§ **EXERCISE DATA**

----

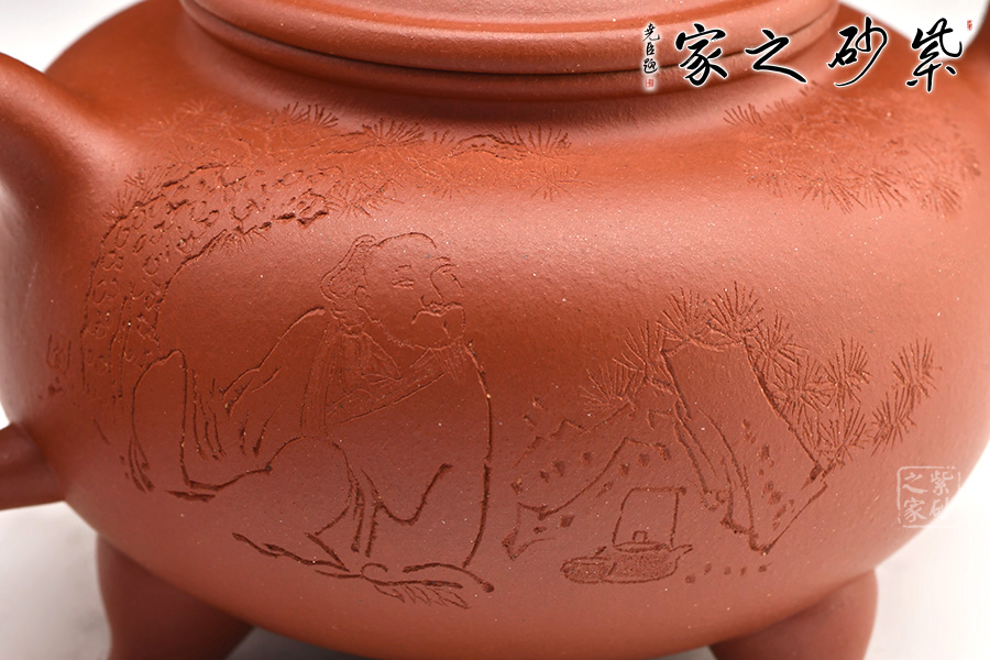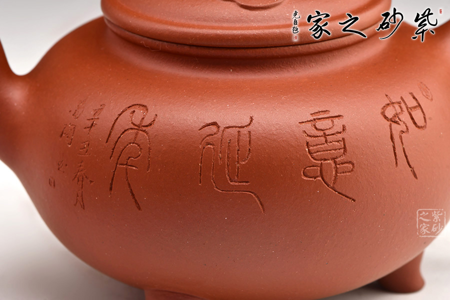 所謂壺中天地寬,一壺一世界。此款壺器型素凈雅致、古樸,壺身渾圓,口蓋寬闊,三彎嘴內(nèi)斂,氣息莊端,且聚氣,壺蓋的如意圖案象征吉祥如意,一生接福,最出彩的部分為三乳足,使得整個壺型穩(wěn)重,支撐整個壺體,使之大氣不洪。
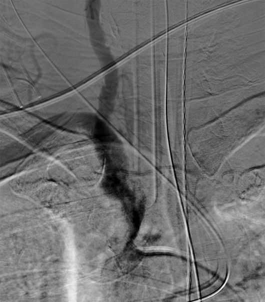 Cross-sectional CT imaging revealed severe atherosclerotic changes along the right innominate artery (Figures 1 and 2). A conventional diagnostic angiogram was then performed for further characterization of the stenosis and possible treatment. The left vertebral artery was the first vessel to be catheterized (Figure 3), and cervical angiography was performed. Retrograde contrast opacification of the contralateral right vertebral artery (Figure 4) and eventual contrast opacification of the right subclavian artery and the internal mammary artery was observed (Figures 5 and 6) suggesting right subclavian steal syndrome (SSS). Diagnostic angiograph evaluation of the remainder of the vessels was carried out and, eventually, a severe right innominate artery stenosis was detected. This was subsequently treated with placement of a stent. A thoracic arch aortogram depicts the postinterventional changes after successful stent placement in the right innominate artery with normal antegrade flow through the right vertebral artery (Figure 7).
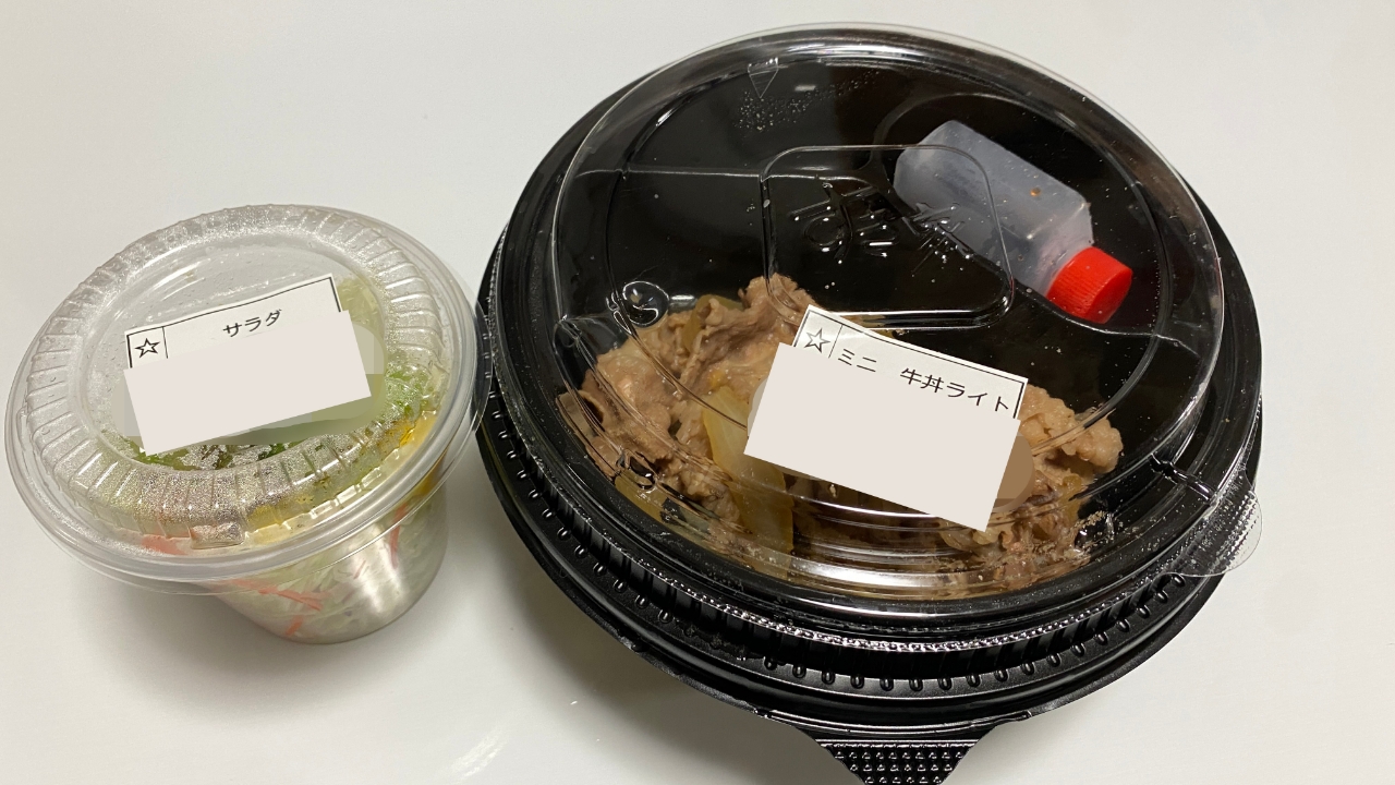 すき家で牛丼ライト お肉ミニ +サラダセットという超ヘルシーな注文をしてみました - こせたん宅配弁当。
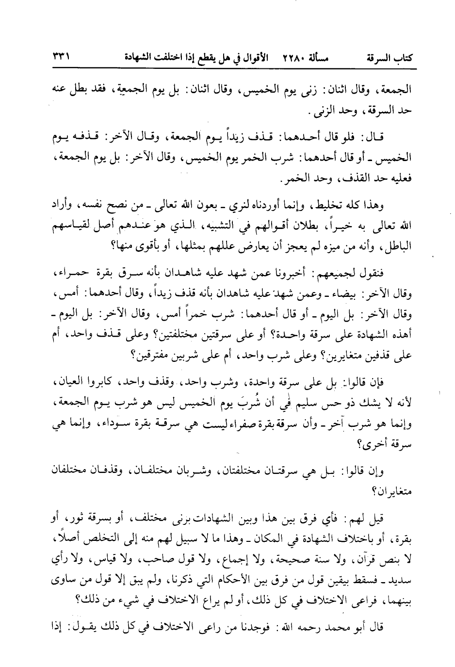 قَالَ: فَلَوْ قَالَ أَحَدُهُمَا: قَذَفَ زَيْدًا يَوْمَ الْجُمُعَةِ، وَقَالَ الْآخَرُ: قَذَفَهُ يَوْمَ الْخَمِيسِ - أَوْ قَالَ أَحَدُهُمَا: شَرِبَ الْخَمْرَ يَوْمَ الْخَمِيسِ، وَقَالَ الْآخَرُ: بَلْ يَوْمَ الْجُمُعَةِ، فَعَلَيْهِ حَدُّ الْقَذْفِ، وَحَدُّ الْخَمْرِ. وَهَذَا كُلُّهُ تَخْلِيطٌ، وَإِنَّمَا أَوْرَدْنَاهُ لِنُرِيَ - بِعَوْنِ اللَّهِ تَعَالَى - مَنْ نَصَحَ نَفْسَهُ، وَأَرَادَ اللَّهُ تَعَالَى بِهِ خَيْرًا، بُطْلَانَ أَقْوَالِهِمْ فِي التَّشْبِيهِ، الَّذِي هُوَ عِنْدَهُمْ أَصْلٌ لِقِيَاسِهِمْ الْبَاطِلِ، وَأَنَّهُ مَنْ مَيَّزَهُ لَمْ يَعْجِزْ أَنْ يُعَارِضَ عِلَلَهُمْ بِمِثْلِهَا، أَوْ بِأَقْوَى مِنْهَا؟ فَنَقُولُ لِجَمِيعِهِمْ: أَخْبِرُونَا عَمَّنْ شَهِدَ عَلَيْهِ شَاهِدَانِ بِأَنَّهُ سَرَقَ بَقَرَةً حَمْرَاءَ، وَقَالَ الْآخَرُ: بَيْضَاءَ - وَعَمَّنْ شَهِدَ عَلَيْهِ شَاهِدَانِ بِأَنَّهُ قَذَفَ زَيْدًا، وَقَالَ أَحَدُهُمَا: أَمْسِ، وَقَالَ الْآخَرُ: بَلْ الْيَوْمَ - أَوْ قَالَ أَحَدُهُمَا: شَرِبَ خَمْرًا أَمْسِ، وَقَالَ الْآخَرُ: بَلْ الْيَوْمَ - أَهَذِهِ الشَّهَادَةُ عَلَى سَرِقَةٍ وَاحِدَةٍ؟ أَوْ عَلَى سَرِقَتَيْنِ مُخْتَلِفَتَيْنِ؟ وَعَلَى قَذْفٍ وَاحِدٍ، أَمْ عَلَى قَذَفَيْنِ مُتَغَايِرَيْنِ؟ وَعَلَى شُرْبٍ وَاحِدٍ، أَمْ عَلَى شُرْبَيْنِ مُفْتَرِقَيْنِ؟ فَإِنْ قَالُوا: بَلْ عَلَى سَرِقَةٍ وَاحِدَةٍ، وَشُرْبٍ وَاحِدٍ، وَقَذْفٍ وَاحِدٍ، كَابَرُوا الْعِيَانَ؛ لِأَنَّهُ لَا يَشُكُّ ذُو حِسٍّ سَلِيمٍ فِي أَنَّ شُرْبَ يَوْمِ الْخَمِيسِ لَيْسَ هُوَ شُرْبَ يَوْمِ الْجُمُعَةِ، وَإِنَّمَا هُوَ شُرْبٌ آخَرُ - وَأَنَّ سَرِقَةَ بَقَرَةٍ صَفْرَاءَ لَيْسَتْ هِيَ سَرِقَةُ بَقَرَةٍ سَوْدَاءَ، وَإِنَّمَا هِيَ سَرِقَةٌ أُخْرَى؟ وَإِنْ قَالُوا: بَلْ هِيَ سَرِقَتَانِ مُخْتَلِفَتَانِ، وَشُرْبَانِ مُخْتَلِفَانِ، وَقَذْفَانِ مُخْتَلِفَانِ مُتَغَايِرَانِ؟ قِيلَ لَهُمْ: فَأَيُّ فَرْقٍ بَيْنَ هَذَا وَبَيْنَ الشَّهَادَاتِ بِزِنًا مُخْتَلِفٍ، أَوْ بِسَرِقَةِ ثَوْرٍ، أَوْ بَقَرَةٍ، أَوْ بِاخْتِلَافِ الشَّهَادَةِ فِي الْمَكَانِ - وَهَذَا مَا لَا سَبِيلَ لَهُمْ مِنْهُ إلَى التَّخَلُّصِ أَصْلًا، لَا بِنَصِّ قُرْآنٍ، وَلَا سُنَّةٍ صَحِيحَةٍ وَلَا إجْمَاعٍ، وَلَا قَوْلِ صَاحِبٍ، وَلَا قِيَاسٍ، وَلَا رَأْيٍ سَدِيدٍ - فَسَقَطَ بِيَقِينٍ قَوْلُ مَنْ فَرَّقَ بَيْنَ الْأَحْكَامِ الَّتِي ذَكَرْنَا، وَلَمْ يَبْقَ إلَّا قَوْلُ مَنْ سَاوَى بَيْنَهُمَا، فَرَاعَى الِاخْتِلَافَ فِي كُلِّ ذَلِكَ، أَوْ لَمْ يُرَاعِ الِاخْتِلَافَ فِي شَيْءٍ مِنْ ذَلِكَ؟ قَالَ أَبُو مُحَمَّدٍ - رَحِمَهُ اللَّهُ -: فَوَجَدْنَا مَنْ رَاعَى الِاخْتِلَافَ فِي كُلِّ ذَلِكَ يَقُولُ: إذَا

----

§ **EXERCISE OBJECTIVE**
Write out the material above without changing a word, and skip any picture.

§ **ANSWER**
 所謂壺中天地寬,一壺一世界。此款壺器型素凈雅致、古樸,壺身渾圓,口蓋寬闊,三彎嘴內(nèi)斂,氣息莊端,且聚氣,壺蓋的如意圖案象征吉祥如意,一生接福,最出彩的部分為三乳足,使得整個壺型穩(wěn)重,支撐整個壺體,使之大氣不洪。
 Cross-sectional CT imaging revealed severe atherosclerotic changes along the right innominate artery (Figures 1 and 2). A conventional diagnostic angiogram was then performed for further characterization of the stenosis and possible treatment. The left vertebral artery was the first vessel to be catheterized (Figure 3), and cervical angiography was performed. Retrograde contrast opacification of the contralateral right vertebral artery (Figure 4) and eventual contrast opacification of the right subclavian artery and the internal mammary artery was observed (Figures 5 and 6) suggesting right subclavian steal syndrome (SSS). Diagnostic angiograph evaluation of the remainder of the vessels was carried out and, eventually, a severe right innominate artery stenosis was detected. This was subsequently treated with placement of a stent. A thoracic arch aortogram depicts the postinterventional changes after successful stent placement in the right innominate artery with normal antegrade flow through the right vertebral artery (Figure 7).
 すき家で牛丼ライト お肉ミニ +サラダセットという超ヘルシーな注文をしてみました - こせたん宅配弁当。
 قَالَ: فَلَوْ قَالَ أَحَدُهُمَا: قَذَفَ زَيْدًا يَوْمَ الْجُمُعَةِ، وَقَالَ الْآخَرُ: قَذَفَهُ يَوْمَ الْخَمِيسِ - أَوْ قَالَ أَحَدُهُمَا: شَرِبَ الْخَمْرَ يَوْمَ الْخَمِيسِ، وَقَالَ الْآخَرُ: بَلْ يَوْمَ الْجُمُعَةِ، فَعَلَيْهِ حَدُّ الْقَذْفِ، وَحَدُّ الْخَمْرِ. وَهَذَا كُلُّهُ تَخْلِيطٌ، وَإِنَّمَا أَوْرَدْنَاهُ لِنُرِيَ - بِعَوْنِ اللَّهِ تَعَالَى - مَنْ نَصَحَ نَفْسَهُ، وَأَرَادَ اللَّهُ تَعَالَى بِهِ خَيْرًا، بُطْلَانَ أَقْوَالِهِمْ فِي التَّشْبِيهِ، الَّذِي هُوَ عِنْدَهُمْ أَصْلٌ لِقِيَاسِهِمْ الْبَاطِلِ، وَأَنَّهُ مَنْ مَيَّزَهُ لَمْ يَعْجِزْ أَنْ يُعَارِضَ عِلَلَهُمْ بِمِثْلِهَا، أَوْ بِأَقْوَى مِنْهَا؟ فَنَقُولُ لِجَمِيعِهِمْ: أَخْبِرُونَا عَمَّنْ شَهِدَ عَلَيْهِ شَاهِدَانِ بِأَنَّهُ سَرَقَ بَقَرَةً حَمْرَاءَ، وَقَالَ الْآخَرُ: بَيْضَاءَ - وَعَمَّنْ شَهِدَ عَلَيْهِ شَاهِدَانِ بِأَنَّهُ قَذَفَ زَيْدًا، وَقَالَ أَحَدُهُمَا: أَمْسِ، وَقَالَ الْآخَرُ: بَلْ الْيَوْمَ - أَوْ قَالَ أَحَدُهُمَا: شَرِبَ خَمْرًا أَمْسِ، وَقَالَ الْآخَرُ: بَلْ الْيَوْمَ - أَهَذِهِ الشَّهَادَةُ عَلَى سَرِقَةٍ وَاحِدَةٍ؟ أَوْ عَلَى سَرِقَتَيْنِ مُخْتَلِفَتَيْنِ؟ وَعَلَى قَذْفٍ وَاحِدٍ، أَمْ عَلَى قَذَفَيْنِ مُتَغَايِرَيْنِ؟ وَعَلَى شُرْبٍ وَاحِدٍ، أَمْ عَلَى شُرْبَيْنِ مُفْتَرِقَيْنِ؟ فَإِنْ قَالُوا: بَلْ عَلَى سَرِقَةٍ وَاحِدَةٍ، وَشُرْبٍ وَاحِدٍ، وَقَذْفٍ وَاحِدٍ، كَابَرُوا الْعِيَانَ؛ لِأَنَّهُ لَا يَشُكُّ ذُو حِسٍّ سَلِيمٍ فِي أَنَّ شُرْبَ يَوْمِ الْخَمِيسِ لَيْسَ هُوَ شُرْبَ يَوْمِ الْجُمُعَةِ، وَإِنَّمَا هُوَ شُرْبٌ آخَرُ - وَأَنَّ سَرِقَةَ بَقَرَةٍ صَفْرَاءَ لَيْسَتْ هِيَ سَرِقَةُ بَقَرَةٍ سَوْدَاءَ، وَإِنَّمَا هِيَ سَرِقَةٌ أُخْرَى؟ وَإِنْ قَالُوا: بَلْ هِيَ سَرِقَتَانِ مُخْتَلِفَتَانِ، وَشُرْبَانِ مُخْتَلِفَانِ، وَقَذْفَانِ مُخْتَلِفَانِ مُتَغَايِرَانِ؟ قِيلَ لَهُمْ: فَأَيُّ فَرْقٍ بَيْنَ هَذَا وَبَيْنَ الشَّهَادَاتِ بِزِنًا مُخْتَلِفٍ، أَوْ بِسَرِقَةِ ثَوْرٍ، أَوْ بَقَرَةٍ، أَوْ بِاخْتِلَافِ الشَّهَادَةِ فِي الْمَكَانِ - وَهَذَا مَا لَا سَبِيلَ لَهُمْ مِنْهُ إلَى التَّخَلُّصِ أَصْلًا، لَا بِنَصِّ قُرْآنٍ، وَلَا سُنَّةٍ صَحِيحَةٍ وَلَا إجْمَاعٍ، وَلَا قَوْلِ صَاحِبٍ، وَلَا قِيَاسٍ، وَلَا رَأْيٍ سَدِيدٍ - فَسَقَطَ بِيَقِينٍ قَوْلُ مَنْ فَرَّقَ بَيْنَ الْأَحْكَامِ الَّتِي ذَكَرْنَا، وَلَمْ يَبْقَ إلَّا قَوْلُ مَنْ سَاوَى بَيْنَهُمَا، فَرَاعَى الِاخْتِلَافَ فِي كُلِّ ذَلِكَ، أَوْ لَمْ يُرَاعِ الِاخْتِلَافَ فِي شَيْءٍ مِنْ ذَلِكَ؟ قَالَ أَبُو مُحَمَّدٍ - رَحِمَهُ اللَّهُ -: فَوَجَدْنَا مَنْ رَاعَى الِاخْتِلَافَ فِي كُلِّ ذَلِكَ يَقُولُ: إذَا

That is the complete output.